◆ Your objective
Although the data holds pictures, return only the lines from the one containing "Metguard metatarsal protector" to the end, exactly, and without them.

(Records contained in a dataset)
• • • •

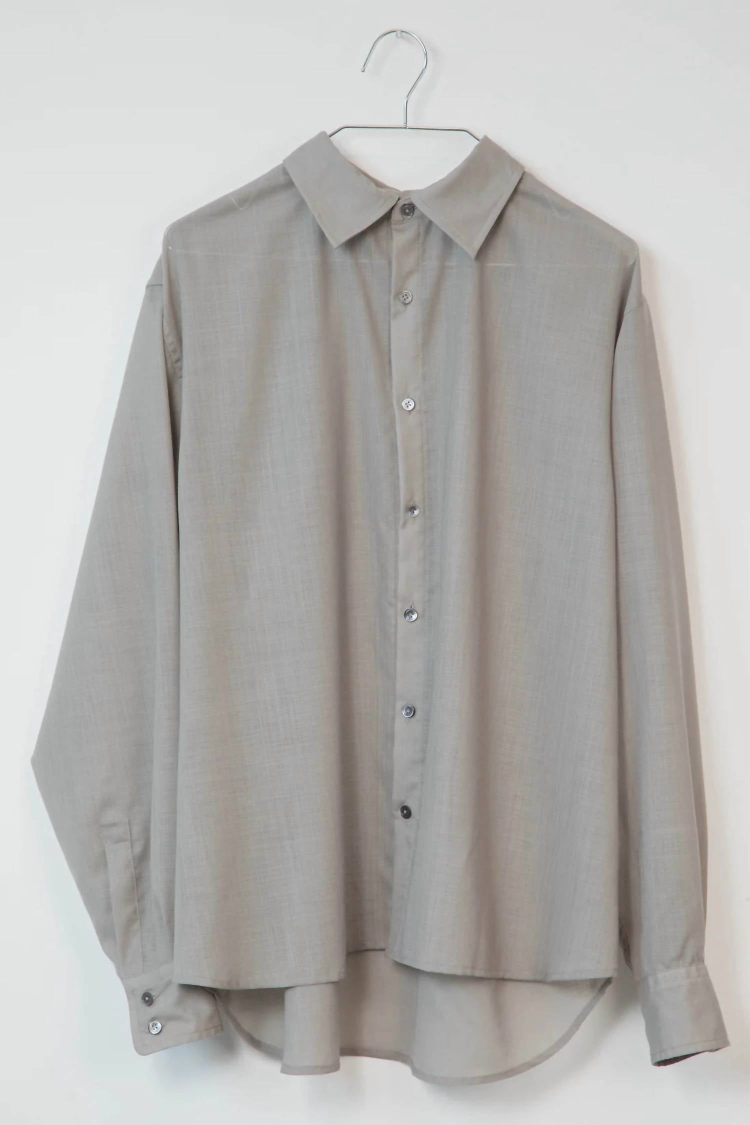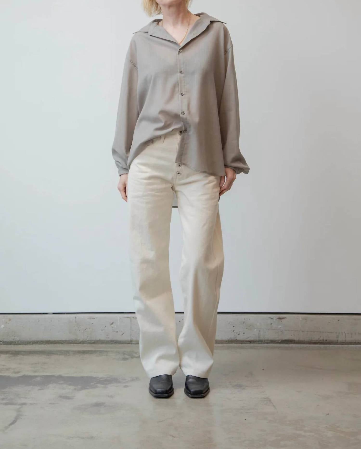 Introducing the Unisex Beck Button Down Shirt by Silphium Studio, a staple piece in taupe designed with a solid pattern for versatile wear. This shirt features long sleeves and is crafted entirely from 100% Wool Chally, ensuring a lightweight feel. Made in New York, it offers a refined silhouette with genuine shell buttons for closure. Care instructions include hand washing and line drying for longevity. Worn by Wini and Louis in size Small, this shirt exudes a modern workwear trend perfect for any casual or holiday event.
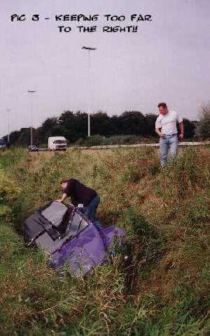20 miles out of Ostend, Rob looses his rear wheel at 70mph!!! He travels across two lanes, the hard shoulder and down a 15 feet 45 degree bank.
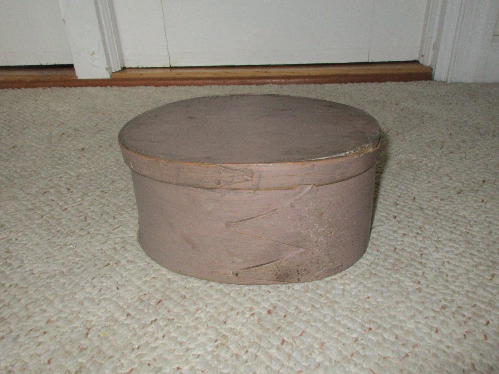 Title (ebay affiliate link): Antique 19thC Primitive Oval Wood 3 Finger Shaker Pantry Box Original Grey Paint
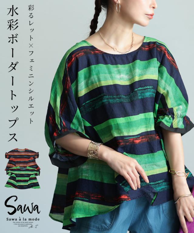 春新作 こなれるヒトクセ水彩ボーダーフレアトップス レディース ファッション トップス ボーダー 水彩 配色 プルオーバー フレア 変形 コットン カットソー 30代 40代 50代 60代 サワアラモード sawaalamode otona 大人 cawaii 可愛い 洋服 かわいい服 sawa-9707
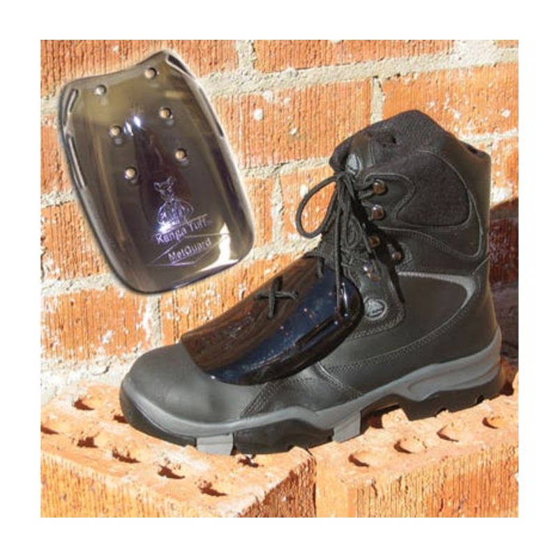 Metguard metatarsal protector is a safety footwear attachment which protects the metatarsal area of the foot. Designed and tested to compliment steel cap footwear. The lip of the METGUARD sits on top of the steel cap at load point and is secured with exist
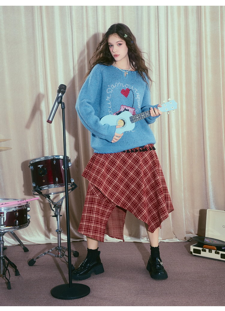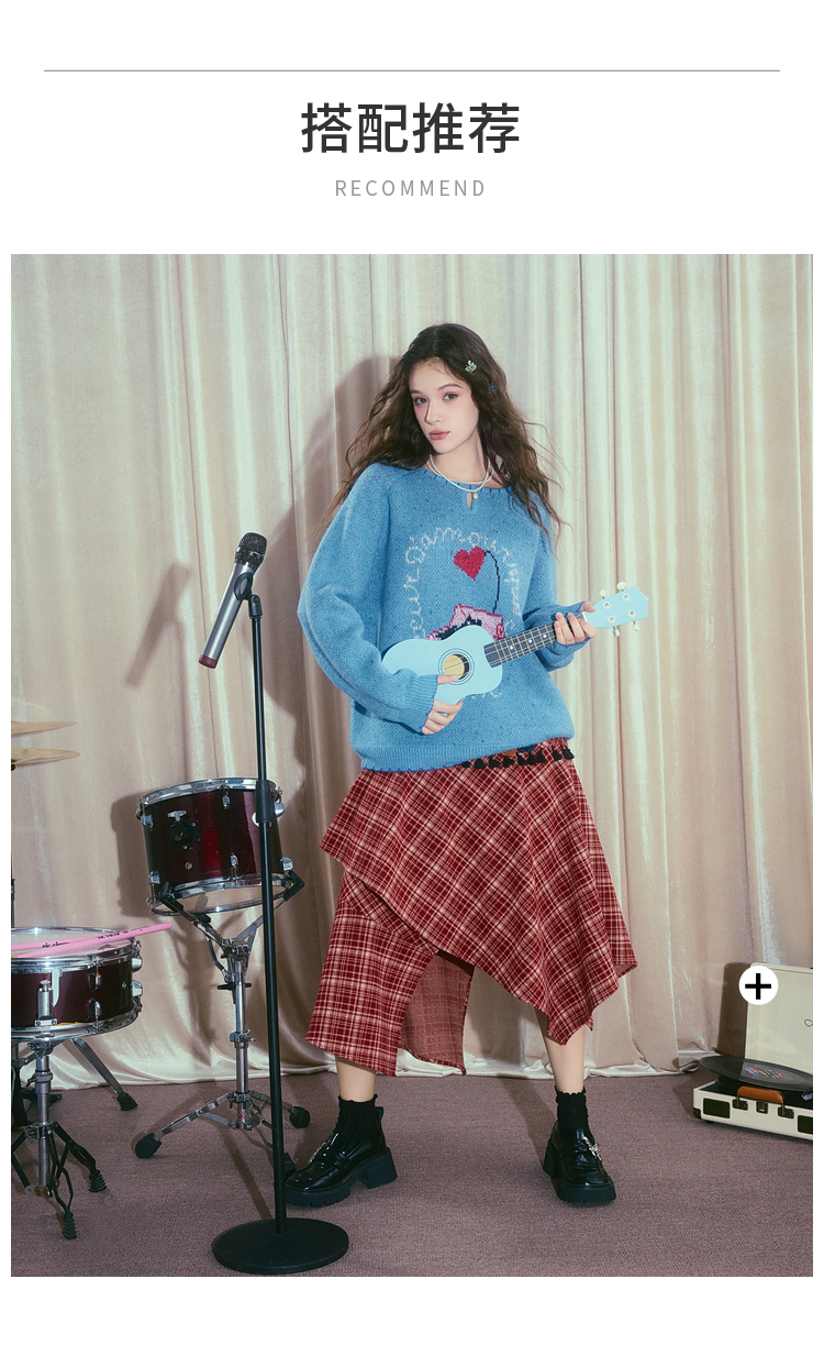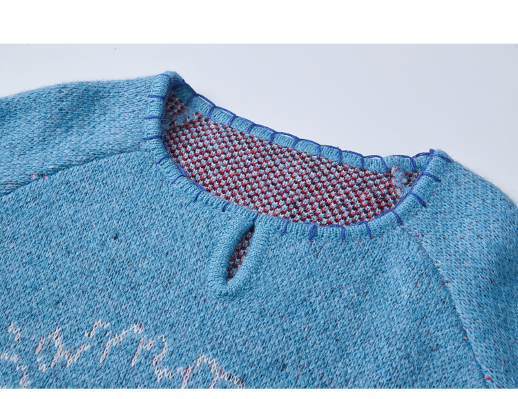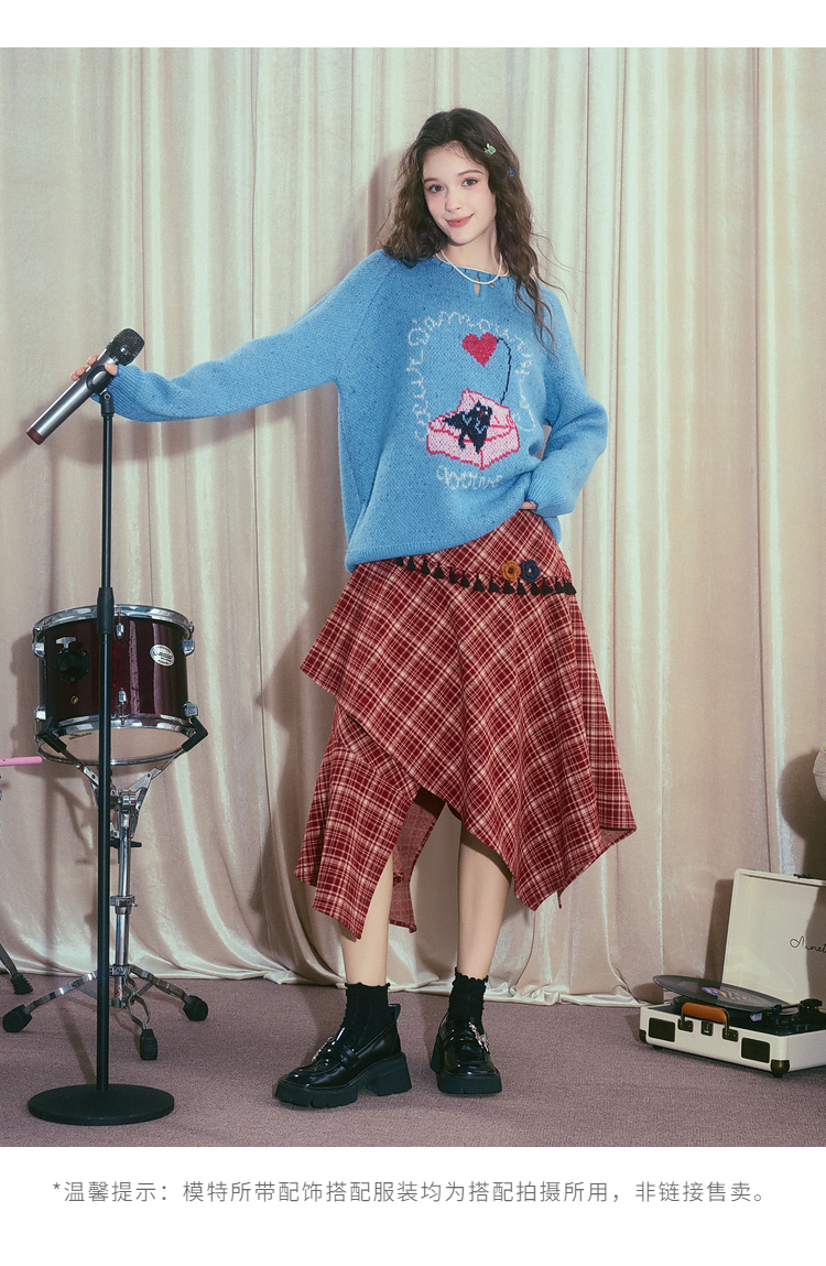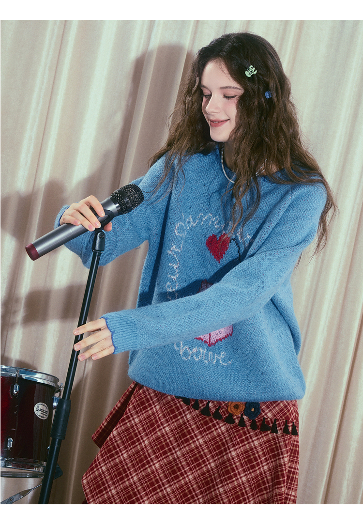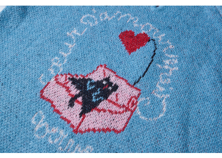 两三事 晴空絮语 2025冬季新款猫咪爱心图案镂空圆领套头毛衣女

• • • •

◆ Written response
 Metguard metatarsal protector is a safety footwear attachment which protects the metatarsal area of the foot. Designed and tested to compliment steel cap footwear. The lip of the METGUARD sits on top of the steel cap at load point and is secured with exist
 两三事 晴空絮语 2025冬季新款猫咪爱心图案镂空圆领套头毛衣女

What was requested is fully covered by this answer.